そして注目の走りだが、69kWh容量のバッテリーで最大航続距離は、WLTCモードで560kmを謳っている。実際、街なかではワンペダルモードで走る方が回生も強く効いて扱い易かった。バルセロナの流れの速い市街地で、右足だけで加速も停止も自由自在でラクにコントロールできた。
郊外路や高速道路ではコースティング重視のモードに切り替えたが、しっとりした乗り心地に鈍からず鋭過ぎずのハンドリング、1800㎏少々のボディを軽々と蹴り出す343Nm・272馬力のトルク&出力に不足はない。蹴り出すと述べたがそう、後輪駆動2WDなのだ。
以上の「シングルモーター」仕様に対し、前車軸側も駆動する「ツインモーター」という4WD仕様もある。2基のモーターの合算値で543Nm・444馬力という後者の方にも試乗したが、おそろしく力強く、密なトラクションによる速過ぎるぐらいの速さが印象的だった。
加速マニアにはツインモーターがお勧めだが、バッテリー容量はシングルモーターと同じ69kWhなので、最大航続距離は少し減る。それでも500kmは超えているだろうが……。

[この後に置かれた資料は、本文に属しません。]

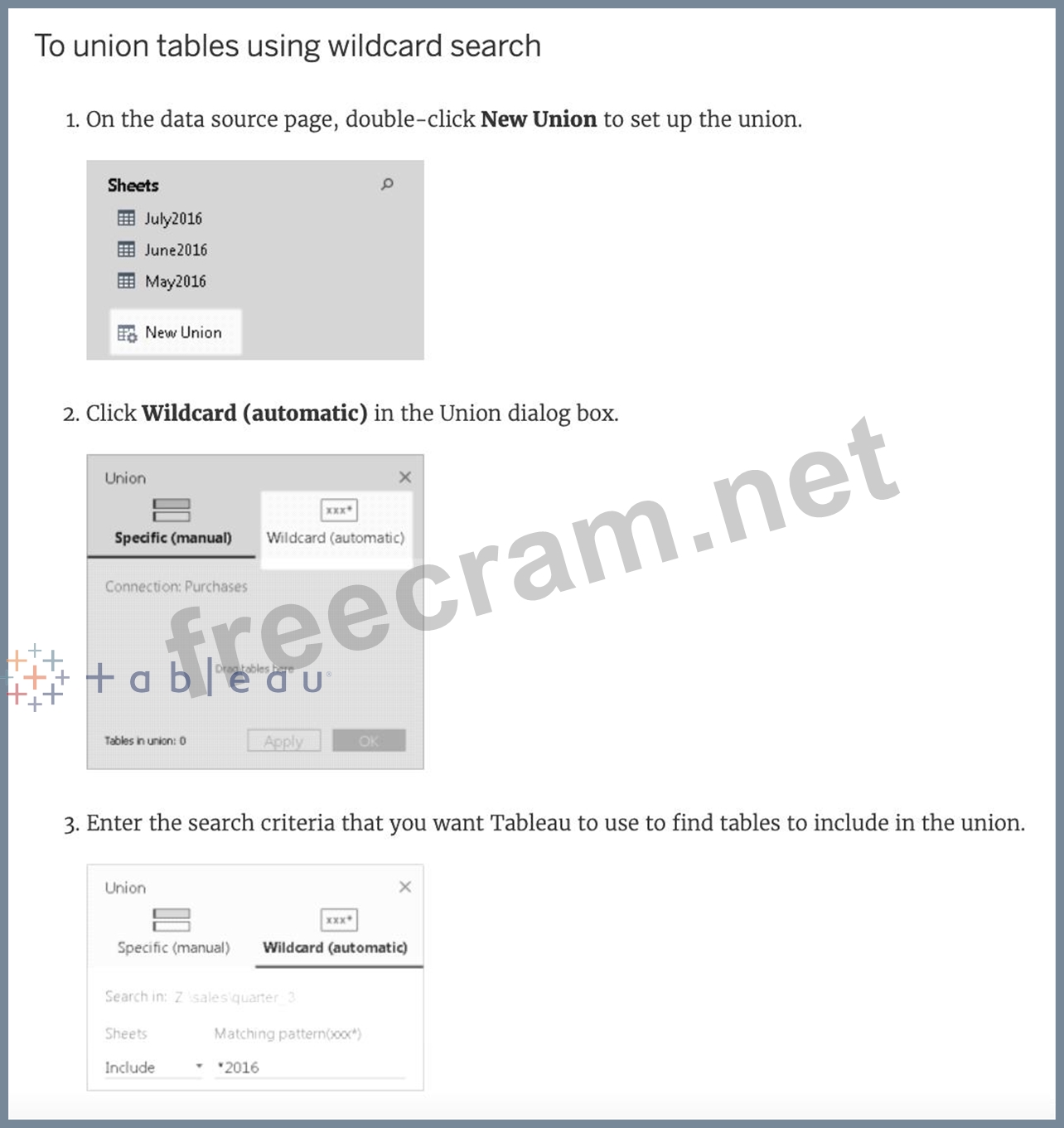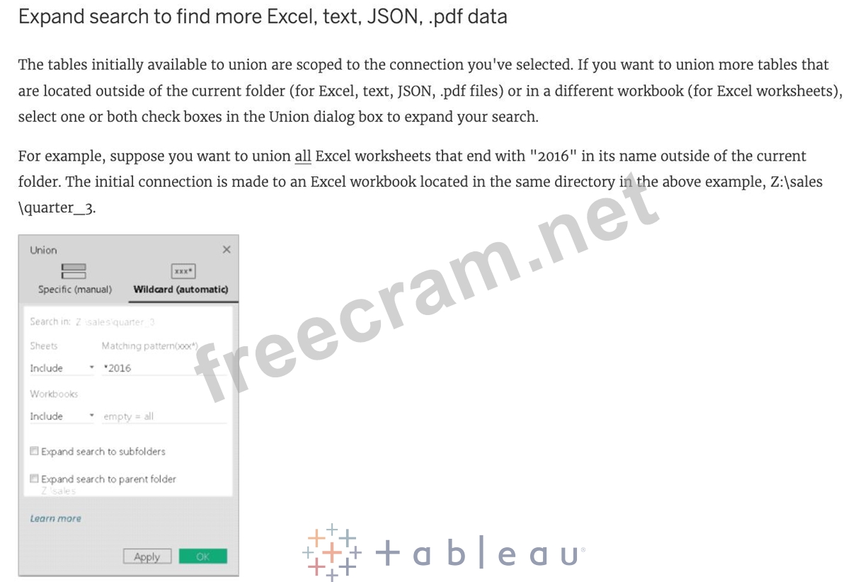When working with Excel, text file data, JSON file, .pdf file data, you can use _________________ to union files across folders, and worksheets across workbooks. Search is scoped to the selected connection.
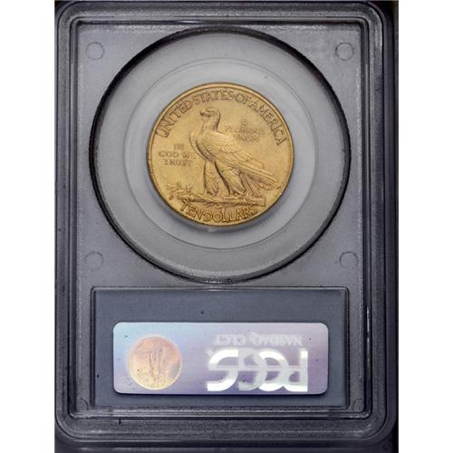 <B>1908-S<$10> AU58 PCGS.</B></I> Nearly full luster is visible with rich yellow-gold and orange-gold coloration. Light to moderate marks are tolerated at this grade level. <BR><BR><B>Important notice:</B> Heritage usually auctions material at the rate of 200-250 lots per hour. On some occasions eBay Live bid software or the Internet may not be able to keep up with the pace of the auction. We recommend placing a realistic absentee bid now as insurance to avoid disappointment. Occasionally the auctioneer may eliminate or reject an eBay Live bid, and the auctioneer may also reopen a lot after the close of the eBay live bidding (usually because we missed an audience bid), and may reject your bid even if it shows you as the winning bidder. By bidding via eBay Live, you agree that Heritage may award the lot to another bidder at its sole discretion under the circumstances described above or any other reasonable circumstances. Since eBay bids are not shown to us until we open the lot on the floor, we treat those bids just like floor bids. In most cases the floor responds before the eBay bid is presented to us, due to Internet lag time, so for consistency we have made it a policy that floor bids are always considered first over tie eBay live bids. Also please note that all Heritage lots purchased through eBay Live carry a 20% Buyer's Premium. Please make sure you read the Terms and Conditions before you bid. This lot is being auctioned in conjunction with a live floor auction by Heritage Galleries & Auctioneers. All final auction and invoice information will be supplied by Heritage Galleries & Auctioneers, and all other information should be considered preliminary. Lot:4110 <BR><BR><B>Winning Notification and Billing:</B> After the FINAL session in this auction is complete, Heritage will send e-mail and snail mail invoices. This process normally takes several days. All final auction and invoice information will be supplied by Heritage Galleries & Auctioneers, and all other information should be considered preliminary. <BR><BR>This auction will be conducted on a live auction floor and over the Internet through eBay Live. If you choose to place an absentee bid, please take a moment to <font color='#0000ff'><u><a href='http://pages.ebay.com/liveauctions/help/before/laabsentee.html'>learn how eBay Live absentee bidding works</a></u></font><font color='#000000'>

いずれEVである以前に、クルマとして妥協のない造り込みと完成度、パフォーマンスをEX30は備えている。そして、再生またはリサイクル可能な素材を用いたエコへの積極性が、いやらしくないのにデザインに感じられるところが巧い。それでいて日本での価格は559万円〜なので、補助金にもよるが、500万円アンダーは現実的なセンだ。少し考え方が進んでいて、鉄仮面のようだけど内実アリ、そんなEVとして覚えておきたい。